Die tatsächliche Niederlage der Miliärjunta des Paul Koroma im März soll laut offiziellen Angaben aber der Intervention der nigerianischen Militärjunta geschuldet sein, und nicht etwaigen Söldnern. Nigeria wiederum verfolgt unter der Deckung der westafrikanischen friedenserhaltenden Truppe Ecomog ihre regionale Vormachtpolitk in Westafrika. Unterstützt wurde die Ecomog durch die vor Freetown liegenden HMS Cornwall und HMS Monmouth.

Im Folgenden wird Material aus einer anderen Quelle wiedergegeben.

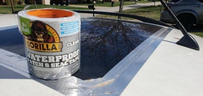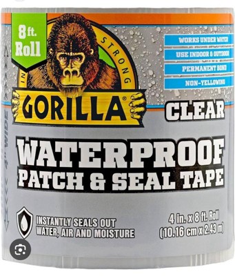 Gorilla Waterproof Patch & Seal Tape Clear instantly seals out water, air and moisture. With an extra thick adhesive layer and UV resistant backing this tape conforms to form a permanent bond. At 4 in. wide use it to patch holes, cracks, gaps and tears Excellent for Home, Auto, Marine, Camping, RVs and more.
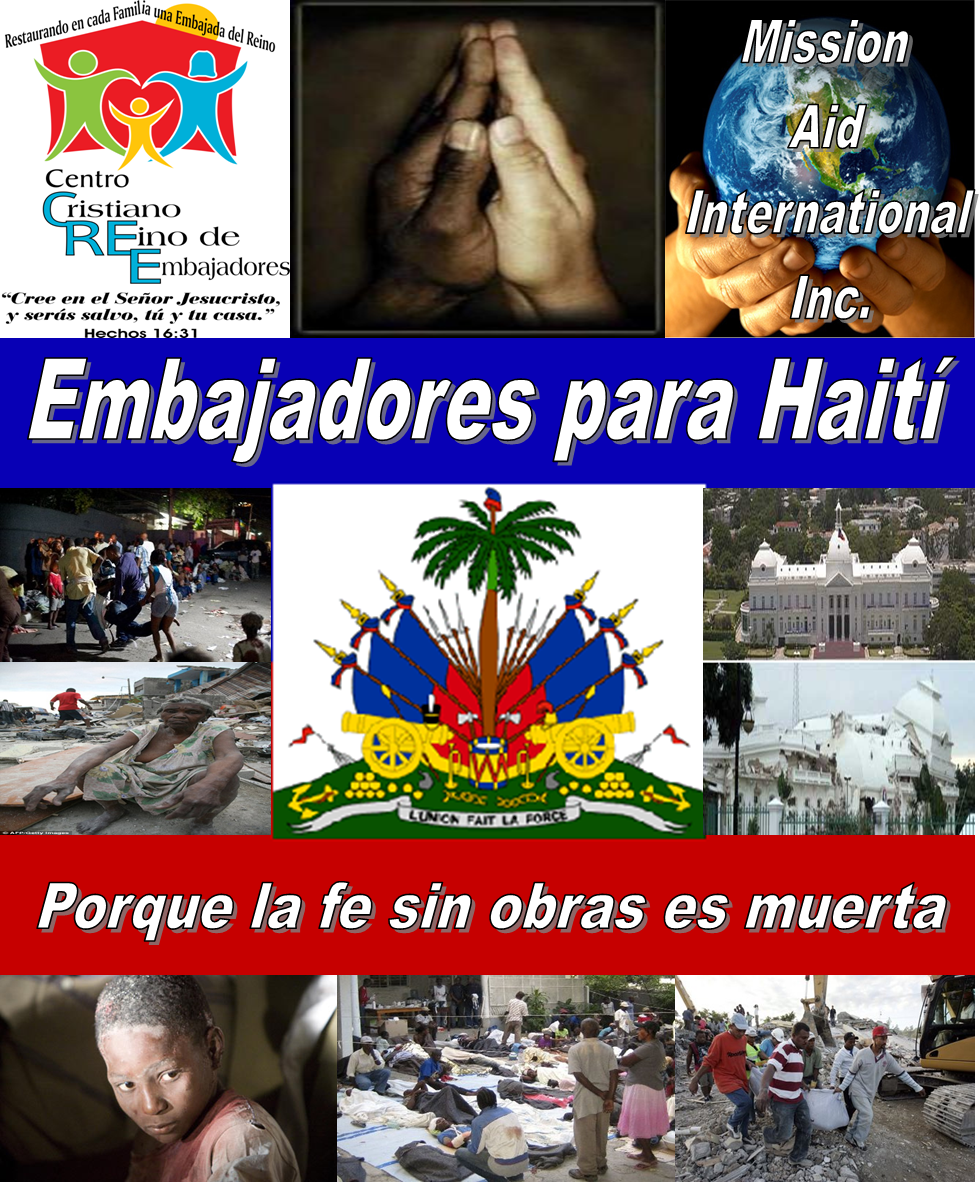 Nuestro propósito es ayudar al Ministerio Mission Aid International, Inc. a canalizar ayuda médica y económica para Haití. Mission Aid International, Inc. (M.A.I. Inc.) es un ministerio que hemos conocido hace ya unos tres o cuatro años, conocemos y damos fe de su servicio al Señor en Haití. M.A.I. Inc. es un grupo de Médicos cristianos que han aunado sus esfuerzos para evangelizar en Haití llevando también ayuda humanitaria. Parte de su visión es levantar un Hospital para niños con sala de parto para atender a nuestros hermanos haitianos. En esta ocasión serán para Centro Cristiano Reino de Embajadores, Inc. nuestro enlace con Haití, y nosotros seremos para ellos un centro de acopio. Este es tiempo para la iglesia apostólica actuar como tal llevando el mensaje del Evangelio del Reino con todo su poder a la nación de Haití. Haití necesita hoy del amor, la provisión, la sanidad, la restauración y la resurrección que solo a través del Espíritu Santo se puede dar o recibir. Ayúdanos a ayudar, no solo con tu oración sino que también con tus obras. Recuerda que la fe sin obras es muerta en sí misma.

Söldner von Sandline haben inmitten der Unruhen ein Dammprojekt bei Bumbuna gegen die Militärjunta gehalten. Sie wurden von nigerianischen Soldaten verstärkt.

Es bleibt unklar, wer die 100 Tonnen an Waffen eigentlich verwendet hat, wenn es nicht bezahlte Söldnertruppen waren. Frieden hat es Sierra Leone nicht gebracht, aus dem Osten des Landes strömen die Flüchtlinge vor dem Guerillakrieg ins sichere Freetown. Denn im Osten liegen die meisten mineralischen Vorkommen. Im Norden halten die Kamajor-Milizen des Präsidenten Kabbah die Diamantenregion Kono.

Aufgeflogen ist die Affäre durch die Zeitschrift Africa Confidential, die man auch online gegen teures Geld beziehen kann.